The project currently demonstrates 10 years of data showing a sustained patients’ improvement and a reduction in death rates.
She served a 4 year term as President of the British Association of Urology Nurses, using it as a platform to drive the nursing agenda, to improve care and standards for those undergoing urology treatment.
During the first wave of Covid-19, Julia made it her mission to ensure patients requiring on-going urology treatment have continued. She developed a triage system to ensure new patients to the service where prioritised and received a consultation.
Many nurse led clinics were successfully converted to telephone or videoconference clinics. Some cancer clinics were maintained to ensure vulnerable patients had emotional support during this worrying time and symptoms were managed.
She supported other areas by redeploying her own team to critical care areas and provided daily catch up with her teams to ensure their own emotional health and wellbeing through these extraordinary times.
Through the recovery phase Julia’s attention to detail in remapping the patient pathways making them covid secure has led to the speedy reintroduction of care to people who require urology services, many of whom are newly diagnosed with cancer or require on-going cancer management.
Qaisra Shahraz MBE
Qaisra Shahraz is founder, Curator and Executive Director of the Muslim Arts and Culture Festival. She's being honoured for services to Gender Equality and Cultural Learning.

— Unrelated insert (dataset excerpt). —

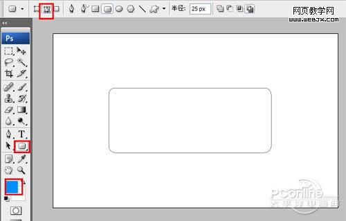 2、在圖層面板上單擊創建新圖層按鈕,新建一個圖層4,再工具箱選擇圓角矩形工具,并按住鍵盤中Shift不放在工作區拖出一個圓角矩形,按鍵盤快捷鍵Ctrl+Enter轉換為選區,設置前景色為藍色,按鍵盤快捷鍵Ctrl+D取消選區,如圖2所示。效果圖如圖3所示。

Qaisra is a prize-winning and critically-acclaimed novelist, scriptwriter, peace and gender activist, who has dedicated her life to literature, education, gender rights and community cohesion. The author of 5 novels, her work centers on the stories of women from societies where their narratives and voices are very rarely heard.

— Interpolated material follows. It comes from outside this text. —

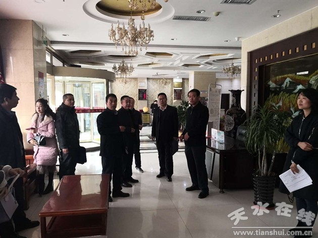李尚平一行对照《天水市商贸流通行业创建全国文明城市工作实施方案》,从酒店、商场外立面到内部,对宣传栏设置、垃圾分类及责任分工、制度建立等软硬件设施进行了详细的检查。

Her work has been translated into several languages and is read the world over, most notably, her book Holy Woman has been a best-seller in Indonesia for the last 15 years.
She has worked in the Education sector spanning across 30 years, including 19 years with Ofsted and more recently working on adult education on life- long learning.

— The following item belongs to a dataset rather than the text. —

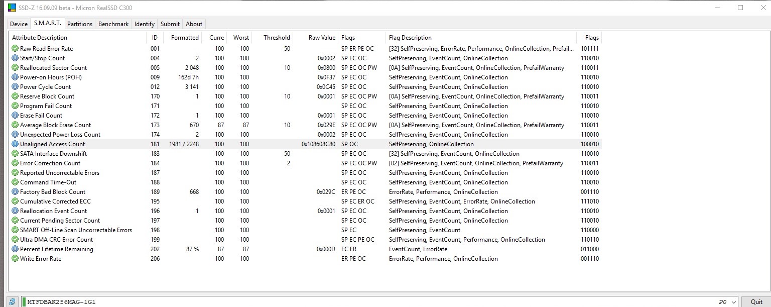 Selstsam das CrystalDiskInfo die Namen der Attribute der Crucial C300 nicht mehr kennt. Die Anzeige bei SSD-Z (das Tool ist besonders tool, den Benchmark kannst Du für SSDs gleich ganz vergessen, da es ein Low-Level Benchmark ist und die Angaben über NAND und Controller stammen nur aus einer Hintergrunddatenbank, da man diese Werte bei SSDs gar nicht auslesen kann) ist nicht sehr übersichtlich. Soweit ich das sehe ist aber bis auf den einen Löschfehler der zum Einsatz eines Reserveblocks geführt hat, alles in Ordnung. Sowas kann man vorkommen, auch wenn es nach so wenigen P/E Zyklen noch nicht sein sollte, aber dafür gibt es ja die Reserveblöcke und im Vergleich zu den 668 NAND Blöcken die schon ab Werk als defekt erkannt wurden, ist einer auch nicht wirklich relevant. Da ein Block viele logische Sektoren (zu je 512 Byte) enthält, die ja die Einheit für Attribut 5 sind, ist der Rohwert dort entsprechend hoch, man kann für diesen Wert daher auch nicht die gleichen Maßstäbe wie bei HDDs anlegen, da wären 2048 genutzte Reservesektoren schon recht alarmierend.

Her work in this area has inspired many young women and girls who have spoken highly of her impact on their own self-confidence.
More recently, as the founder and executive director of MACFEST, she has had an unparalleled impact in the world of arts and culture as it relates to diversity and inclusion.
Internationally award-winning MACFEST festivals held over 50 MACFEST events in just 9 days in 2018, reaching thousands of people, both Muslim and non-Muslim, her contribution to promoting community cohesion and cross-cultural learning cannot be overstated.
As a first of its kind and ground-breaking festival MACFEST brought together several colleges and schools in Manchester to embark on their own journey of cultural discovery. This can be seen no more clearly than with the likes of Levenshulme School for Girls which ran their own event on ‘Past Muslim Scientists’ ‘ not only encouraging STEM subjects, but also empowering the girls with promoting greater understanding of their own heritage.